Клаус перебрался на помост к сэру Уильяму.
— У тебя быстрые мозги. Ты англичанин?
— Немец, сэр!
— Немцы — храбрые солдаты. Не знал, что у них ещё и лучшие мозги. Сколько тебе лет, сынок?
— Всего двадцать… э-э-э… шесть, сэр!
— Хочешь служить у меня, после того как кончится заварушка?
— Если останусь в живых, сэр!
— Если все мы останемся в живых, — хмыкнул адмирал. — На что надежда небольшая.
Он определённо нравился Клаусу.
Тут в ворота крепости, возле которых живых уже не осталось — ибо схватка переместилась на внутренние территории форта, — спокойным широким шагом вошел высокий бородатый мужчина, белый, в белом же кафтане, кое-где тронутом грязью, и широкополой шляпе. Он остановился и посмотрел в упор на адмирала. Из зубов его торчала какая-то щепочка, отчего Клаусу тут же вспомнился Клинт Иствуд, который, до того как стать губернатором Калифорнии, снялся в роли человека с ружьём и зубочисткой в зубах в целой, так сказать, киноэпопее.
— Калверт?! — воскликнул Уильям Пенн и добавил тираду, расшифровать которую можно было, пожалуй, только прослужив не менее четырёх лет на Королевском британском флоте. — Вот это сюрприз!
Бородач усмехнулся, выплюнул щепочку, которую жевал, и прицелился в адмирала из пистолета с длинным стволом.
— Неужели весь этот маскарад из-за нашего маленького спора? — удивился Пенн.
— Нижние области встанут тебе поперёк горла, старый ублюдок, — сказал Калверт и выстрелил.

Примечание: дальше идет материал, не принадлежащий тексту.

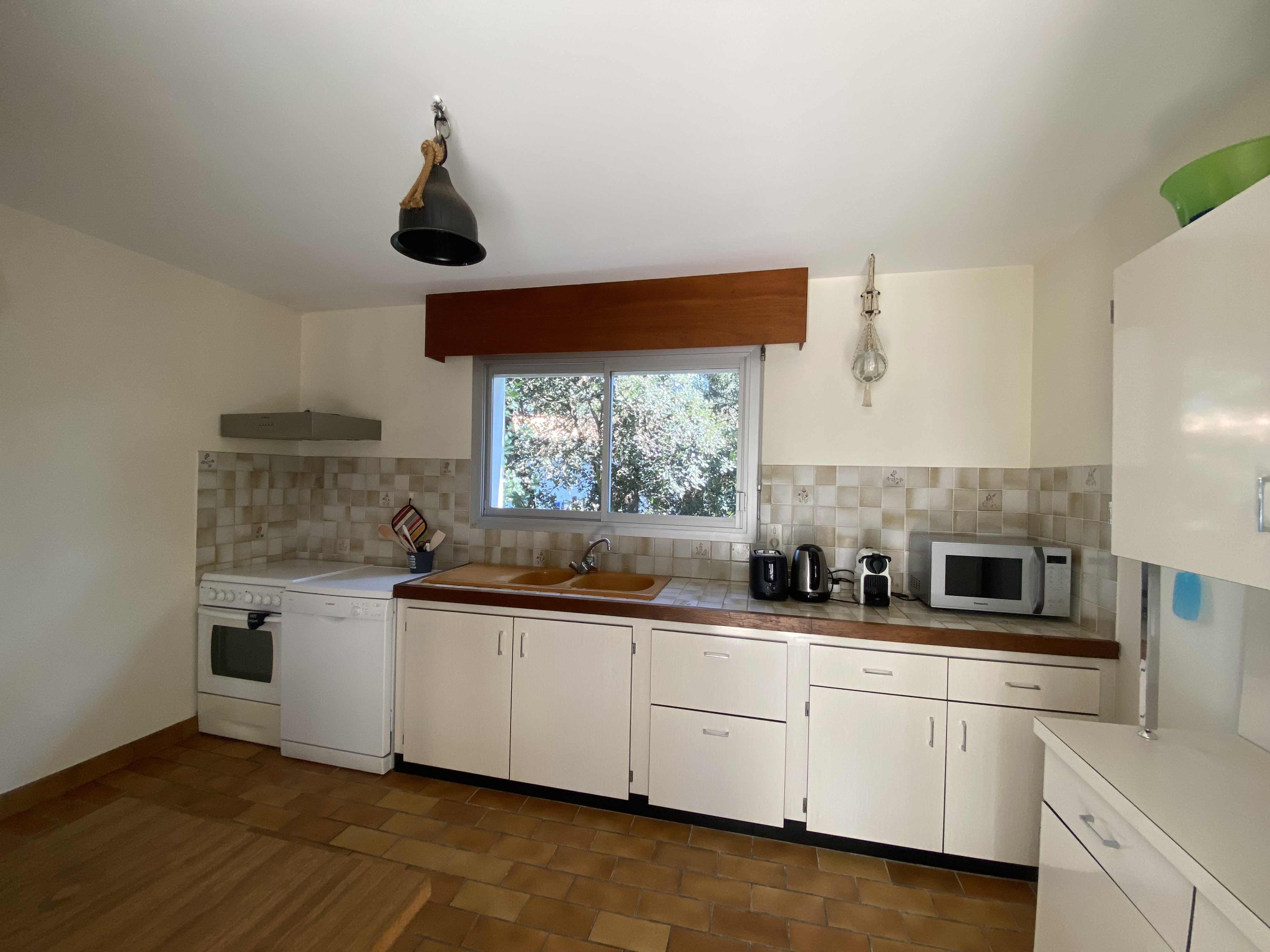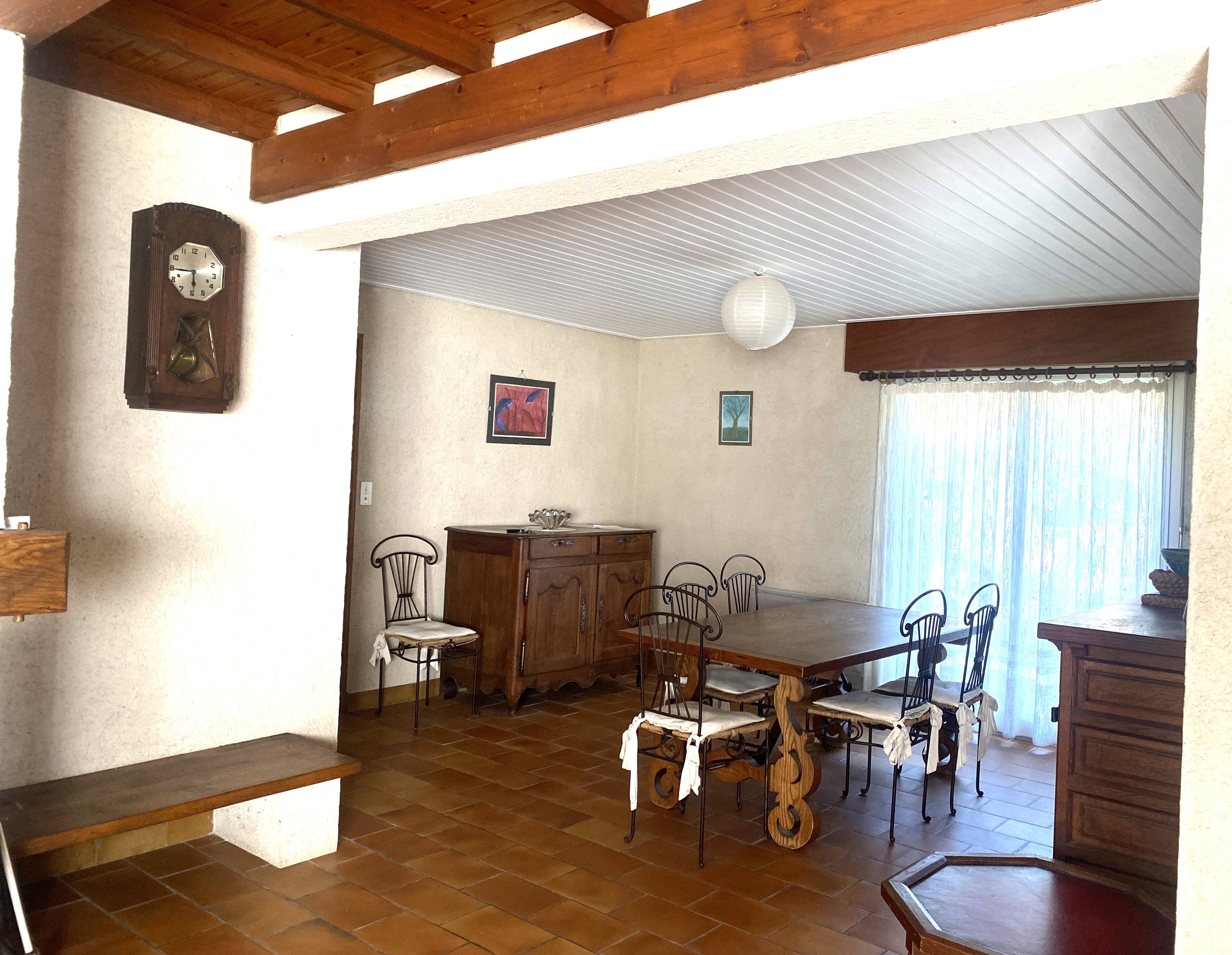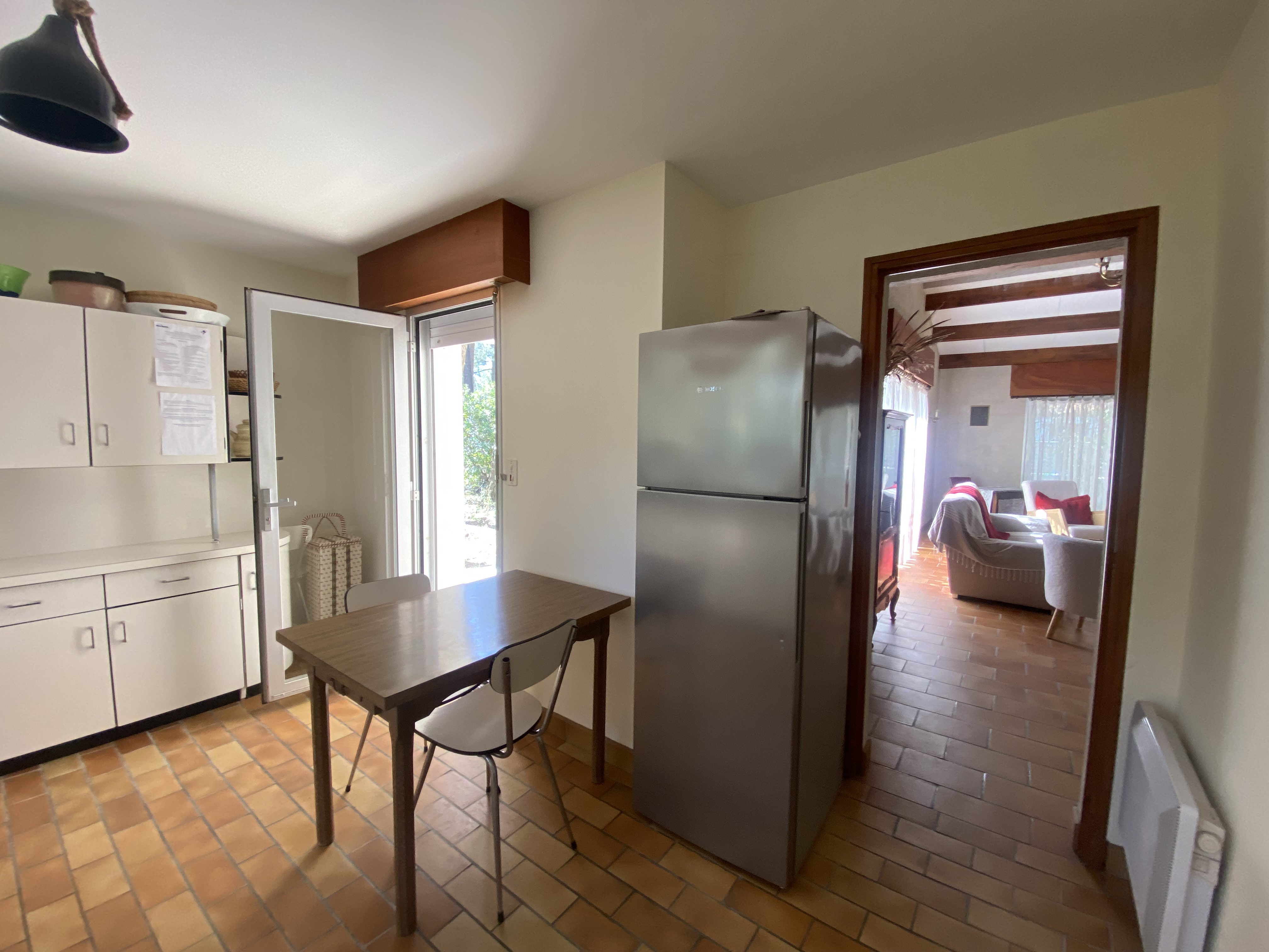 rez de chaussée : 1 salle à manger - salon, 1 cuisine donnant sur terrasse pour les repas sous préau et store banne. 1 salle d'eau (douche, lavabo) 1 wc séparé.

Потом Клаус не мог вспомнить, какая сила бросила его под пулю злодея. Мозг телу такой команды не отдавал — наверное, если бы отдавал, она была бы зарегистрирована в «отделе выходящей корреспонденции». Не исключался вариант, что ему помог кто-то из свиты адмирала. В хрониках, которые он потом тщательно изучал в архиве, бросившись туда буквально на следующей же день после возвращения, конечно, никаких грязных намёков на подобное коварство не было. Там присутствовал юный безымянный герой, немец, закрывший собою великого полководца от пули, отбитое нападение шайки индейцев гениально выстроенная оборона форта.
Про участие в этом инциденте Калверта официальная история не упоминала ни словом; из неё следовало, что Чарлз Калверт, лорд Балтимор, сидел в своём Мэриленде и носу на соседние территории не казал. Он только злобствовал бессильно по поводу Нижних областей — земель, которые Уильям Пени оттяпал у соседнего Делавэра, чтобы обеспечить Пенсильвании выход к морю. В Филадельфии же, в скором времени ставшей столицей Пенсильвании, поселилась влиятельная германская диаспора, пользовавшаяся особым покровительством как старого адмирала, так и его сына, Уильяма Пенна-джуниора.
Не кто иной, как немцы разработали основные положения «Великого закона Пенсильвании», провозгласившего полную веротерпимость и суд присяжных. А через сто лет лишь малой толики голосов не хватило, чтобы принять на референдуме закон о статусе немецкого языка как второго государственного на территории штата. Да что там штата: ещё десять тысяч голосов, и немецкий стал бы государственным языком всей страны.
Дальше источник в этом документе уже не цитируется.